**Source information**
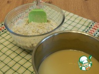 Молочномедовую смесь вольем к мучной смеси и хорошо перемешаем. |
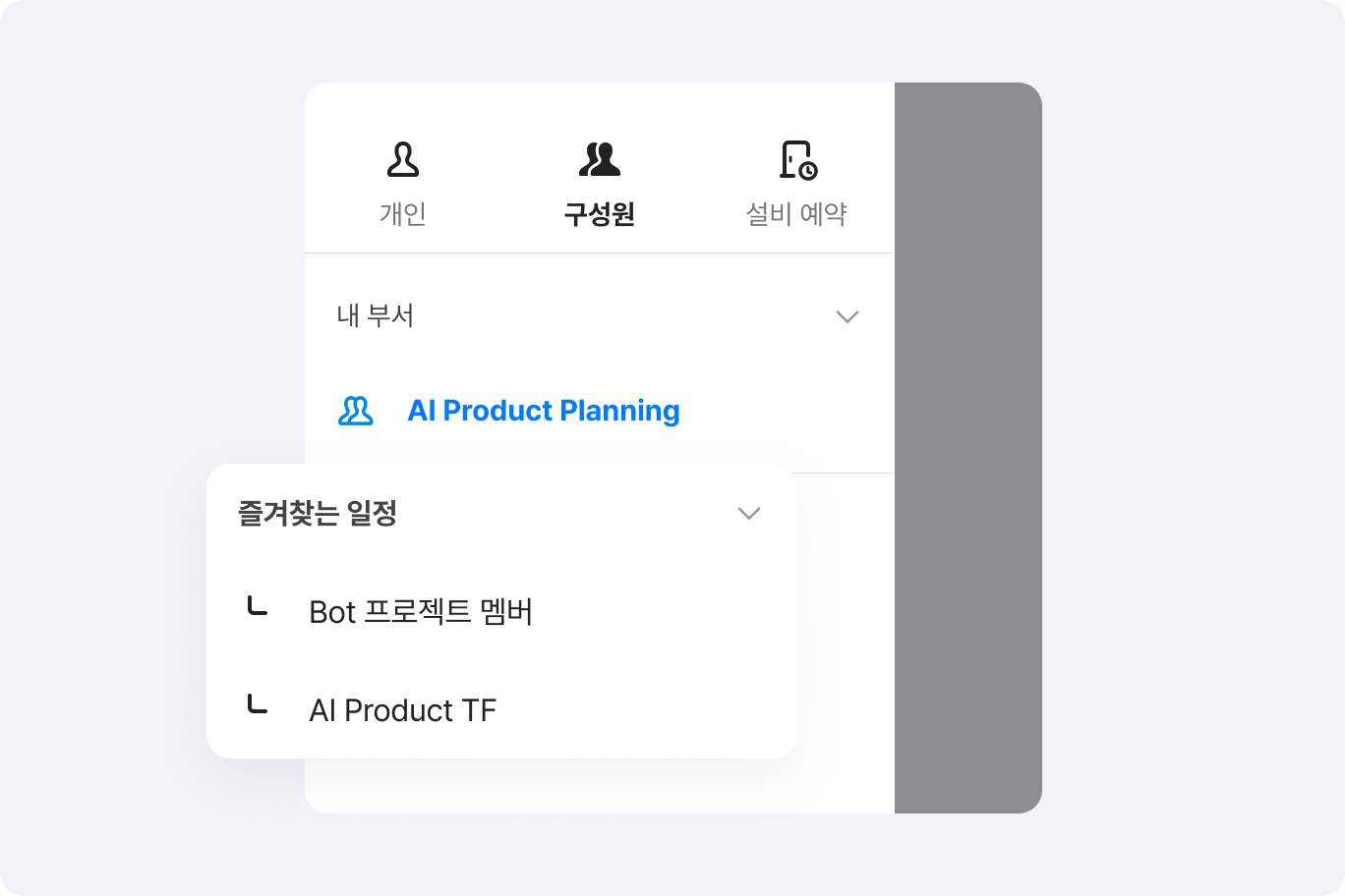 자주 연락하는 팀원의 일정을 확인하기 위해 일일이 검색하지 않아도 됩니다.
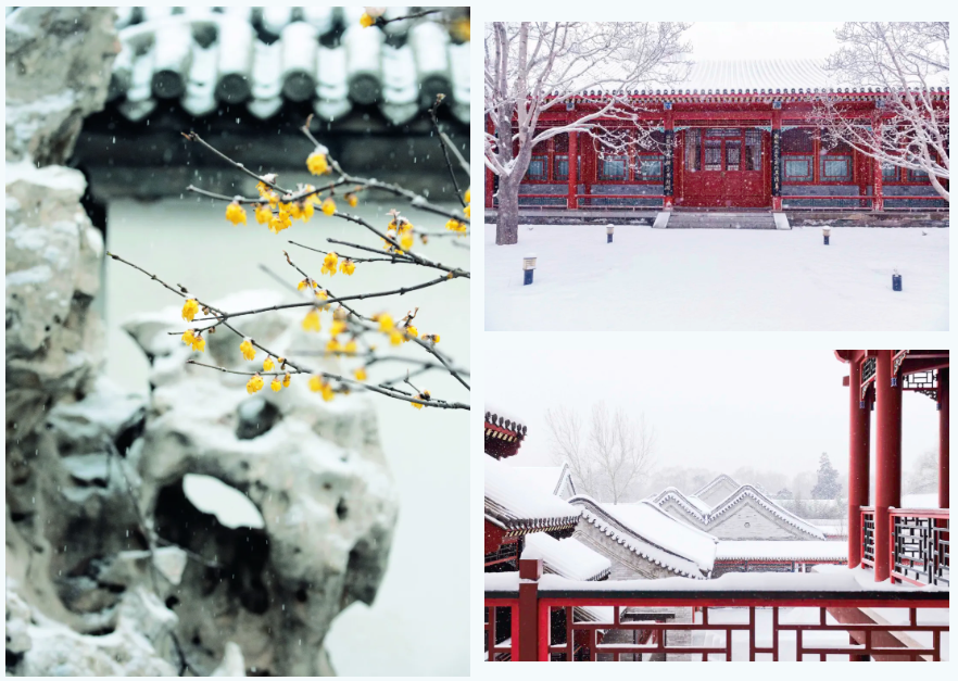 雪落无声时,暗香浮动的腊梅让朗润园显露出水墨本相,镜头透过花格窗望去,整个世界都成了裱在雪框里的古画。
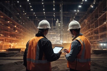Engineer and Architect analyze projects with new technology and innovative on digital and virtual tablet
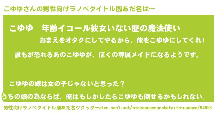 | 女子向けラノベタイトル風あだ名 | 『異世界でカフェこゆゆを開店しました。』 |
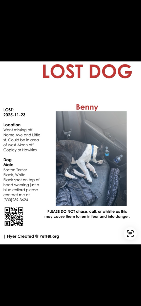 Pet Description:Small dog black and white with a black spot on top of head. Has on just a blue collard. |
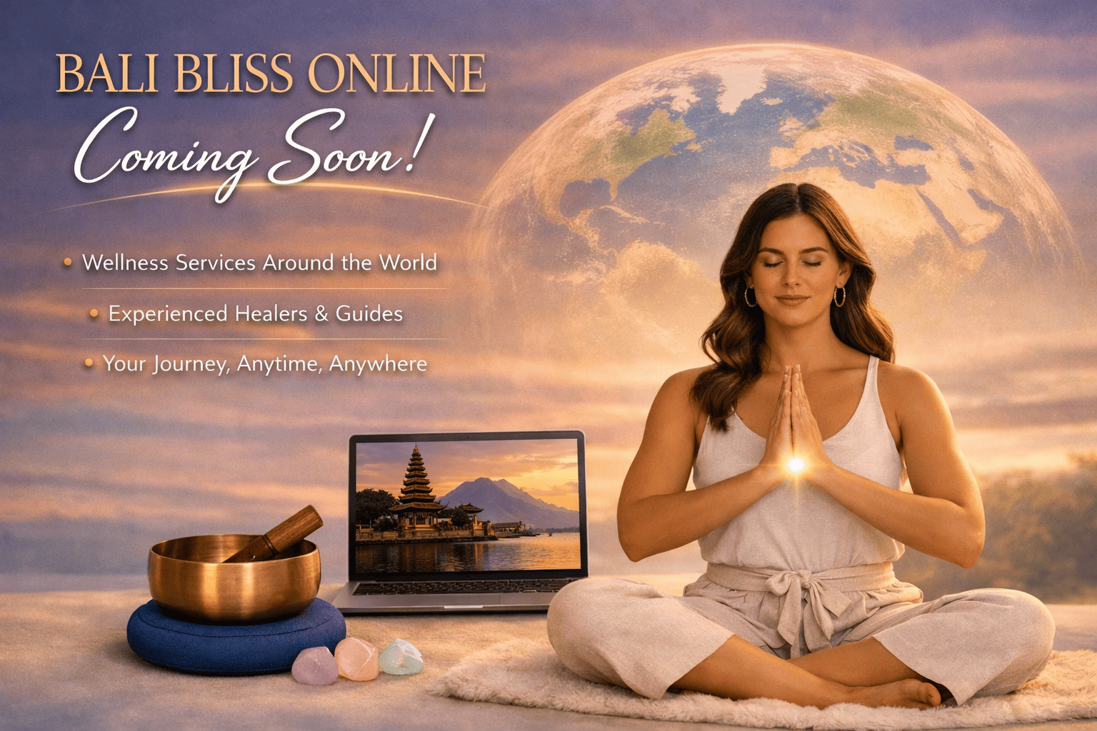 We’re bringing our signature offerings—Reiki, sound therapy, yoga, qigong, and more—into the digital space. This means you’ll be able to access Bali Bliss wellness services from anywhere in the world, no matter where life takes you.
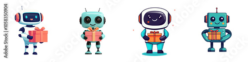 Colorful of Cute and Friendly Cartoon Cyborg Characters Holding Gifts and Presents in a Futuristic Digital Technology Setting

**Directions for this task**
Everything in the entries must be written out exactly; the pictures stay out.

**Answer to this task**
 Молочномедовую смесь вольем к мучной смеси и хорошо перемешаем. |
 자주 연락하는 팀원의 일정을 확인하기 위해 일일이 검색하지 않아도 됩니다.
 雪落无声时,暗香浮动的腊梅让朗润园显露出水墨本相,镜头透过花格窗望去,整个世界都成了裱在雪框里的古画。
Engineer and Architect analyze projects with new technology and innovative on digital and virtual tablet
 | 女子向けラノベタイトル風あだ名 | 『異世界でカフェこゆゆを開店しました。』 |
 Pet Description:Small dog black and white with a black spot on top of head. Has on just a blue collard. |
 We’re bringing our signature offerings—Reiki, sound therapy, yoga, qigong, and more—into the digital space. This means you’ll be able to access Bali Bliss wellness services from anywhere in the world, no matter where life takes you.
 Colorful of Cute and Friendly Cartoon Cyborg Characters Holding Gifts and Presents in a Futuristic Digital Technology Setting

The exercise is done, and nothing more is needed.